Minefield in Alaska…WTF?

denali alaska minefield

I have been around UXOs (unexploded objects) in both Southeast Asia and the Army and never quite felt comfortable around them. No wonder. Imagine an object, built only for one reason only: to kill or maim another person. Devices with mechanical brains that have been rusting away outside since the 1960s. Snow had depressed the trigger some, as well as probably some of Alaska’s many earthquakes, and no doubt the constant freezing and thawing.

Now imagine if those objects were scattered around just a few dozen meters from where you were camping — where kids were playing and people were walking to go fishing!

That is exactly what we found when we pulled into a campground trying to find access to the Tangle River in Alaska for some fishing.
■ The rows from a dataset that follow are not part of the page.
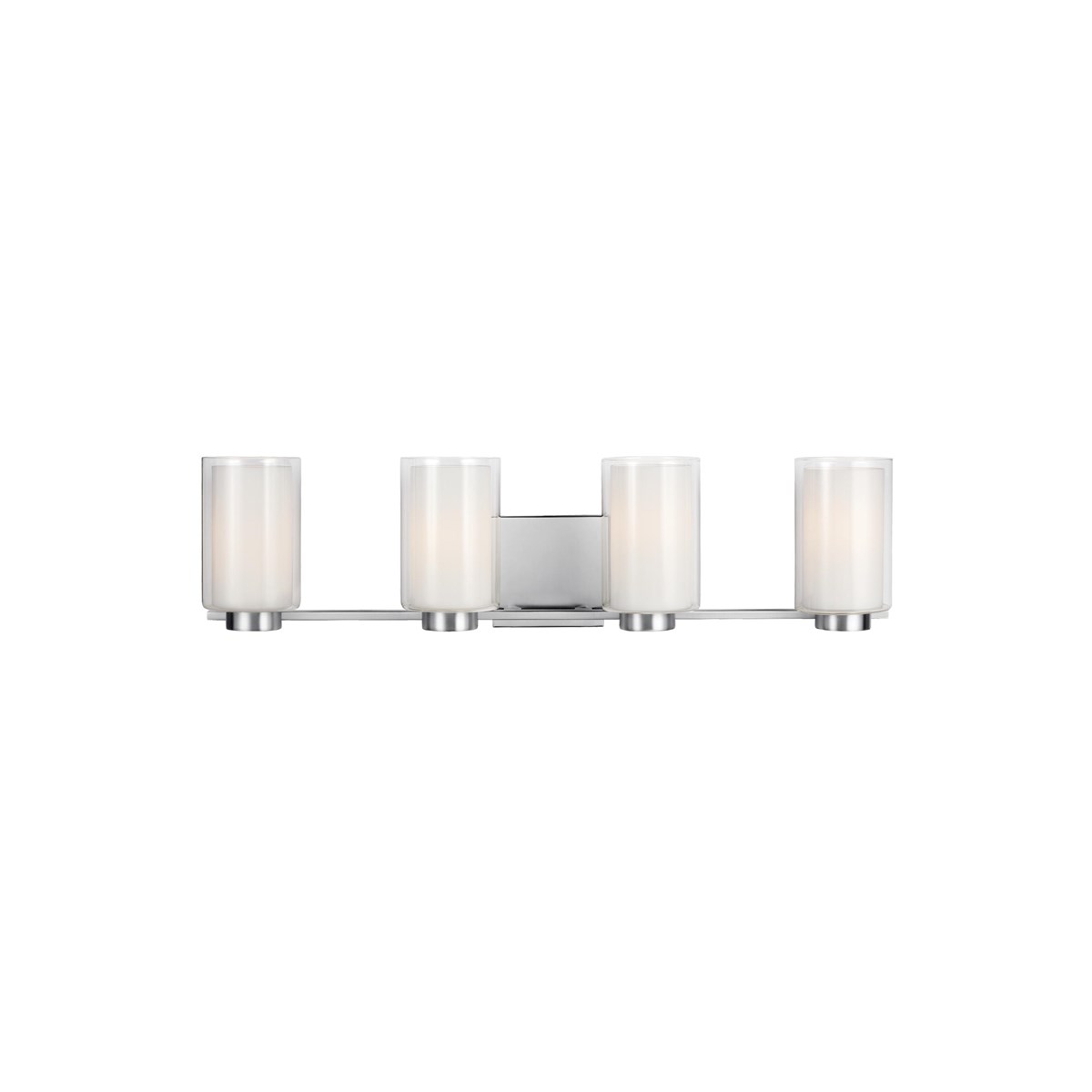 The Bergin bath lighting collection by Feiss features modern, cylindrical Clear glass shades which surround White, inner glass shades to create a rich and elegant layering effect delivering a soft glow. The off-set, square backplate provides a sleek design contrast, making this transitional collection appropriate for a wide range of décor. Available in either a Satin Nickel or Chrome finish, Bergin can be mounted up or down.
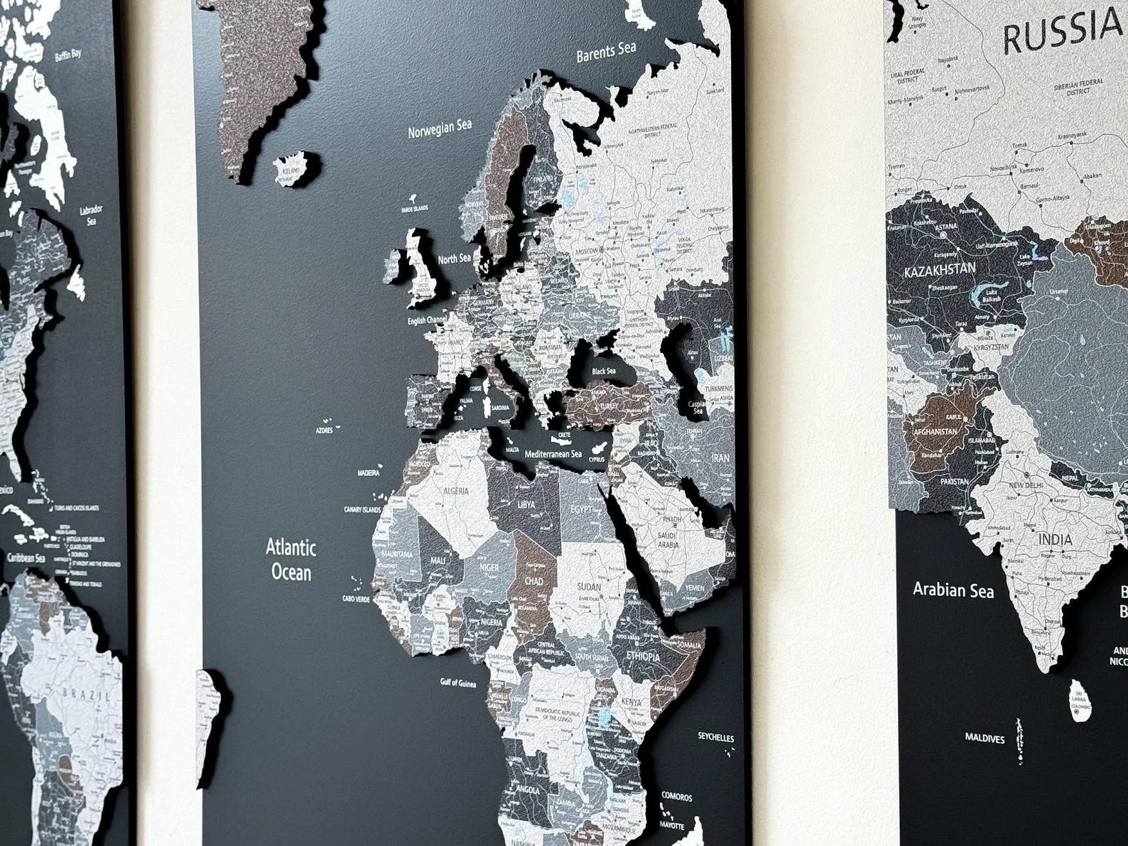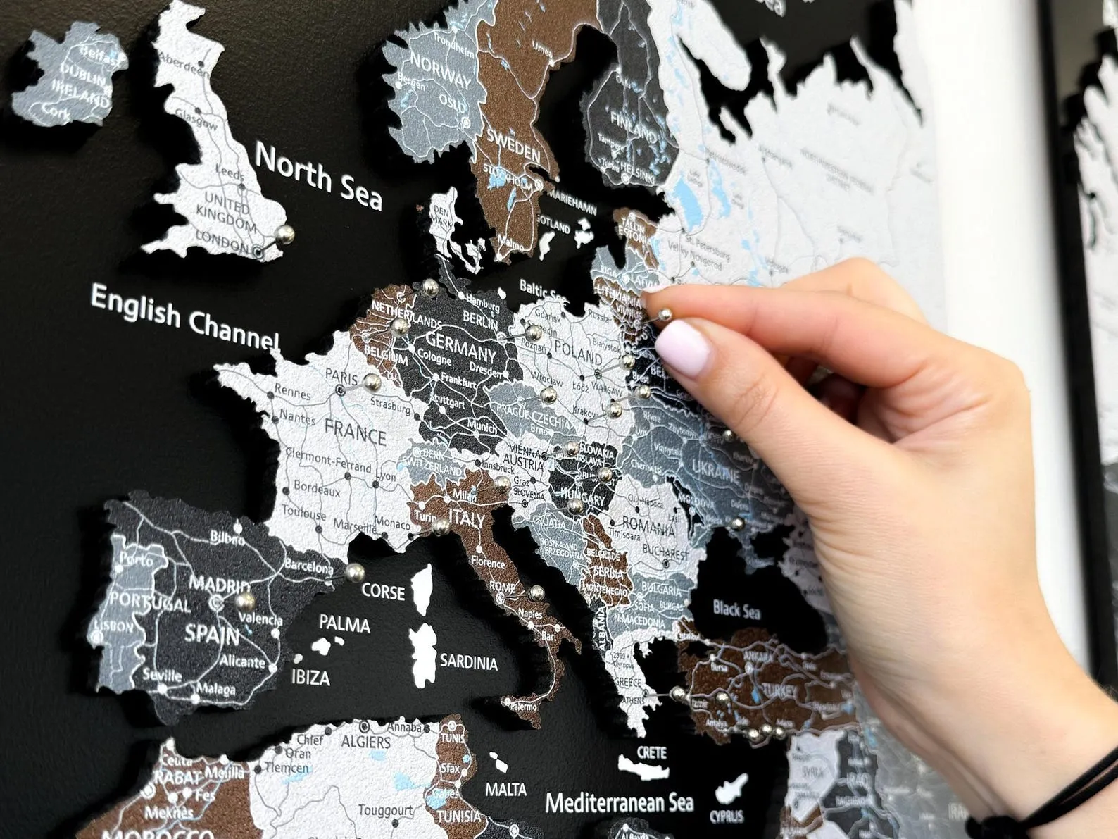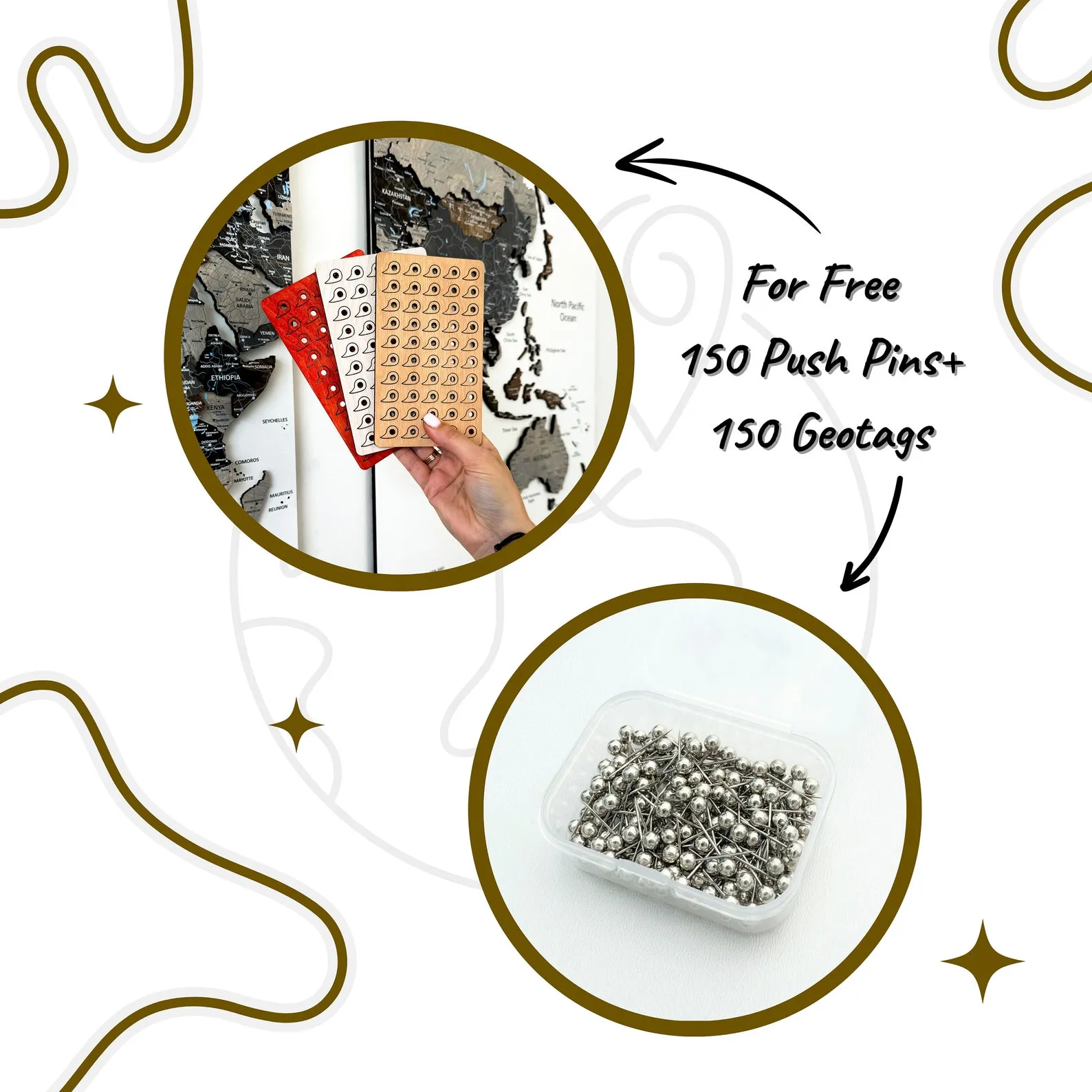 Our cork world map is meticulously crafted with high-quality print on wooden panels, featuring vivid blue rivers and lakes, and an intricate network of roads. The cork material allows you to insert pins into marked cities, making it perfect for creating a personalized map of your travels. Complete with 150 free geotags and pins, this piece is more than just a map?it?s a fun and engaging way to track your adventures.
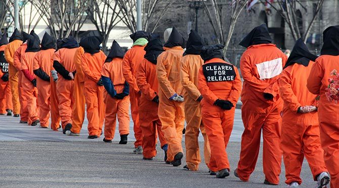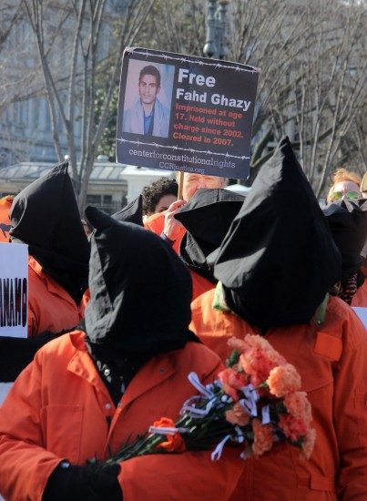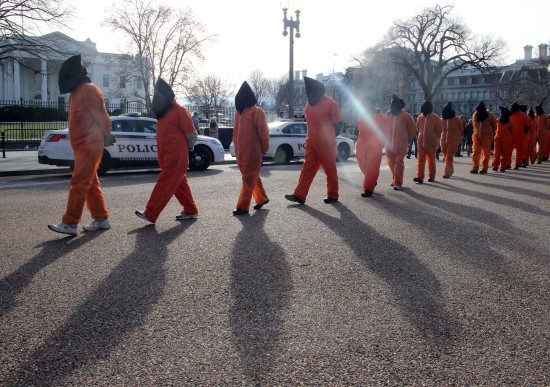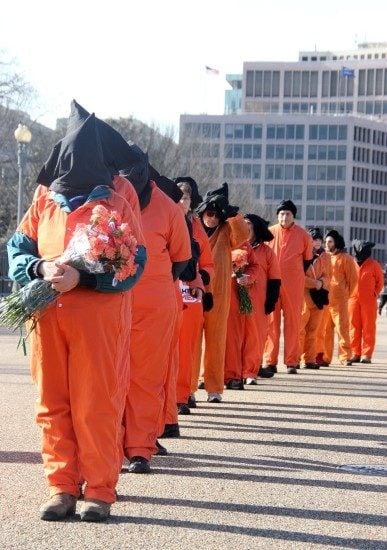 Protestocuların bazıları, Guantanamo'daki tutukların giydiği turuncu renkli üniformalarını giyip, siyah kukuleta taktı. Mahkumları sembolize ederek birbiri ardına sıralanarak zincir oluşturan protestocular, Beyaz Saray'ın önünde bir süre yürüdü.
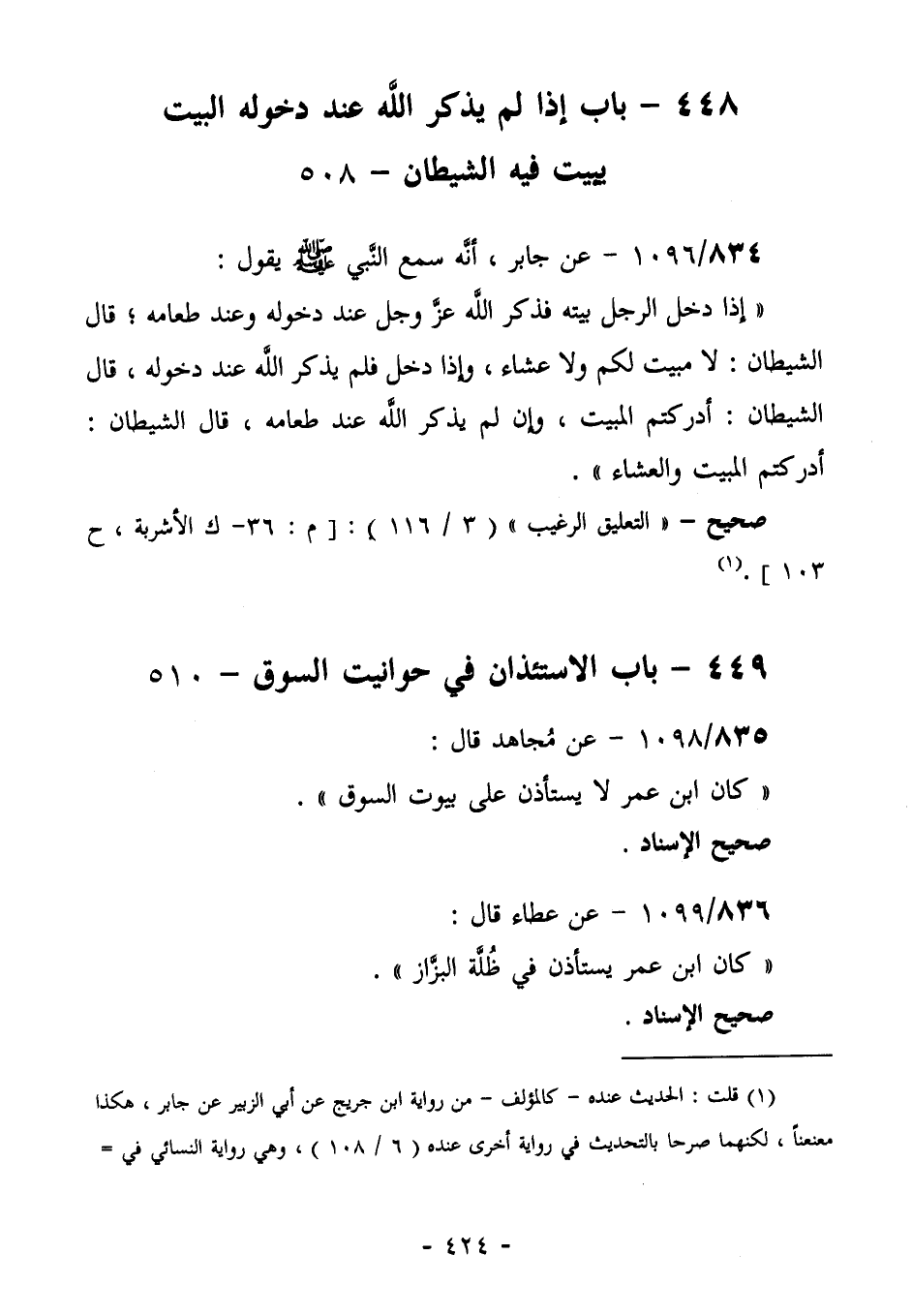 838/1096 (صحيح) عَنْ جَابِرٍ؛ أَنَّهُ سَمِعَ النَّبِيَّ صَلَّى اللهُ عَلَيْهِ وَسَلَّمَ يَقُولُ: "إِذَا دَخَلَ الرَّجُلُ بَيْتَهُ، فَذَكَرَ اللَّهَ عَزَّ وَجَلَّ عِنْدَ دُخُولِهِ، وَعِنْدَ طَعَامِهِ. قَالَ الشَّيْطَانُ: لَا مَبِيتَ لَكُمْ وَلَا عَشَاءَ، وَإِذَا دَخَلَ، فَلَمْ يَذْكُرِ اللَّهَ عِنْدَ دُخُولِهِ. قَالَ الشَّيْطَانُ: أَدْرَكْتُمُ الْمَبِيتَ، وَإِنْ لَمْ يَذْكُرِ اللَّهَ عِنْدَ طَعَامِهِ. قَالَ الشَّيْطَانُ: أَدْرَكْتُمُ الْمَبِيتَ والعشاء".
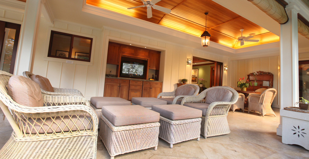 Beautifully furnished covered lanais bring the indoors outside year-round in this beachfront luxury rental. The oceanfront lanai showcases ornate landscaping and stunning views
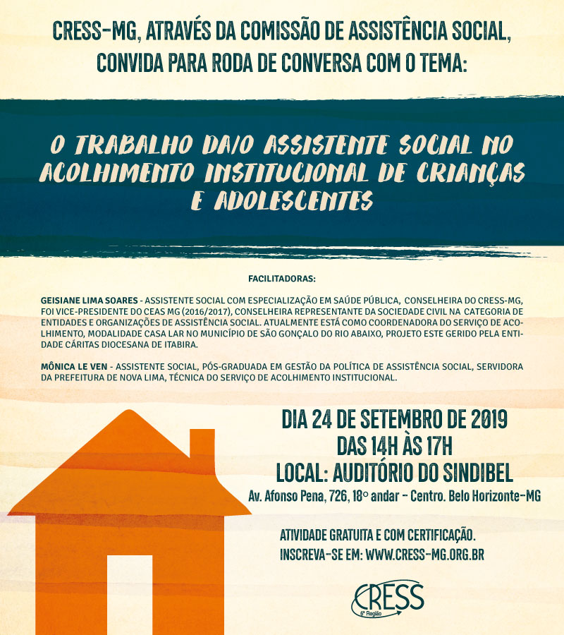 Roda de conversa O Trabalho da/o Assistente Social no Acolhimento Institucional de Crianças e Adolescentes acontecerá em novo local
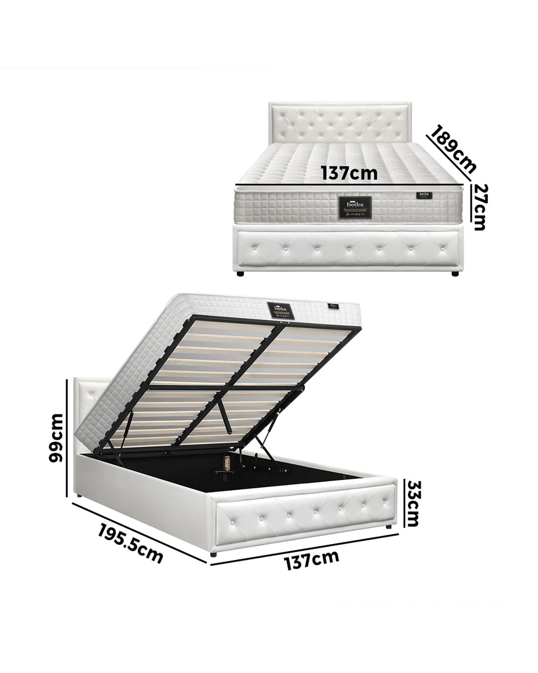 Double: 137cm x 195.5cm x 99cm
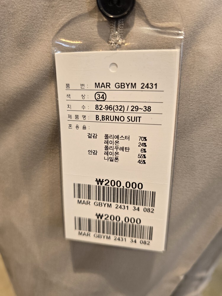 겉감:레이온 24%|*|폴리에스터 70%|*|폴리우레탄 6% / 안감:나일론 45%|*|레이온 55%
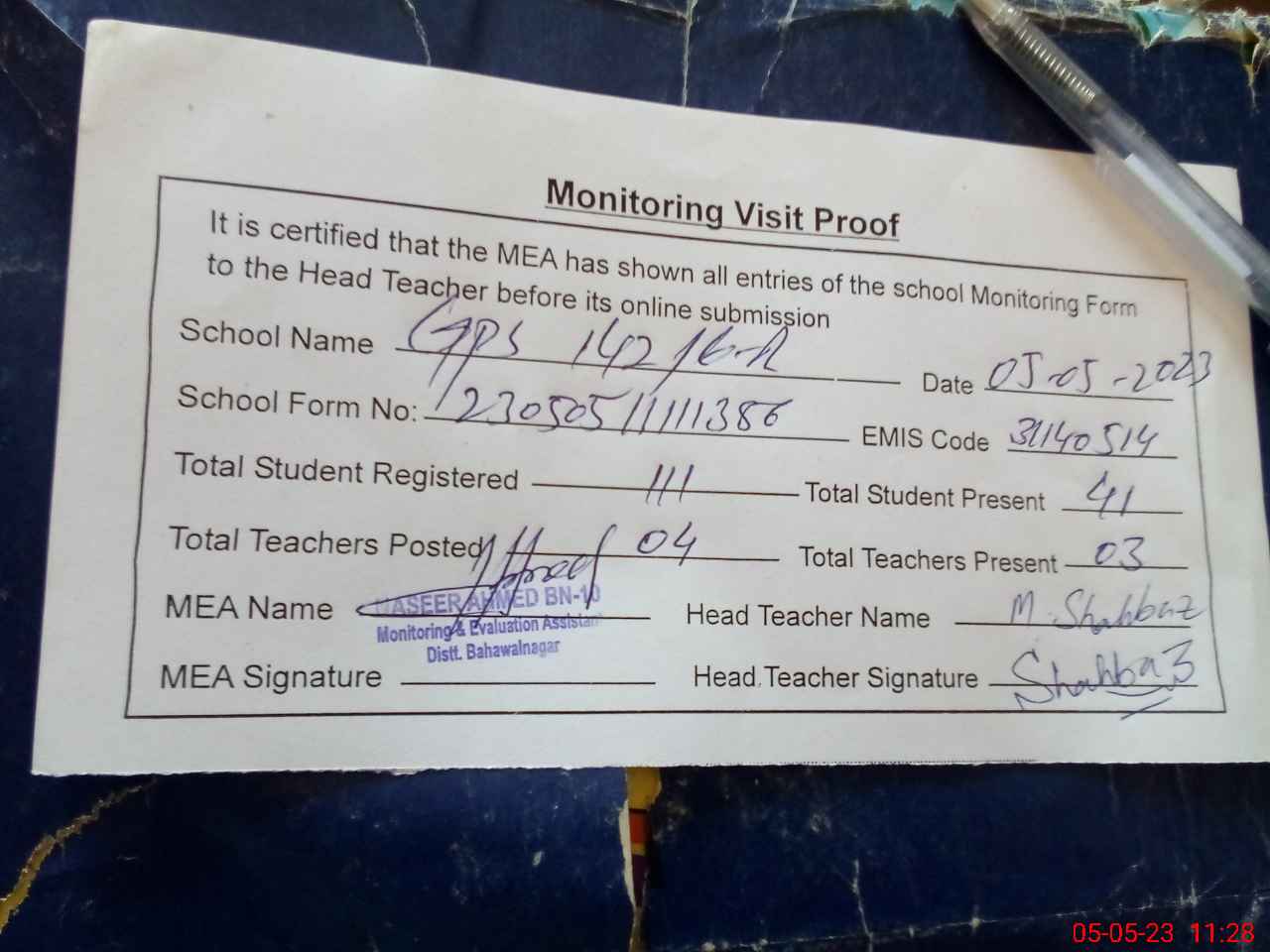 | Attendance Register | Head Teacher | MEA with School | Visit Proof |

We parked the car and began down the clearly marked trail until we came upon the new sign above. I could barely believe my eyes. Three mines had been found in the area only one week before we came! The wording on the sign was “we think we found them all, but just in case — enter at your own risk and this is what to do when you find a UXO.”

I have no idea why there would be mines in the middle of Alaska where no war was fought, and nowhere near an army base. But there were mines. We did the only proper thing that two addicted sportsmen should do: we continued forward to the river through the knee-high grass and hoped for the best!

I did, however, keep an eye on the trail, just as I did while trekking in Cambodia where mines are still scattered like seeds.

At the river, we had no luck fishing, so dad stopped to pan for gold just for fun. Alaska is filled with gold, but the problem is finding enough of the little specs of dust to use chemicals to make it solid. Gold panning is actually out of season right now, because they are afraid that people will scoop up the salmon eggs while sifting for it. No danger of that — we had no luck finding salmon or gold!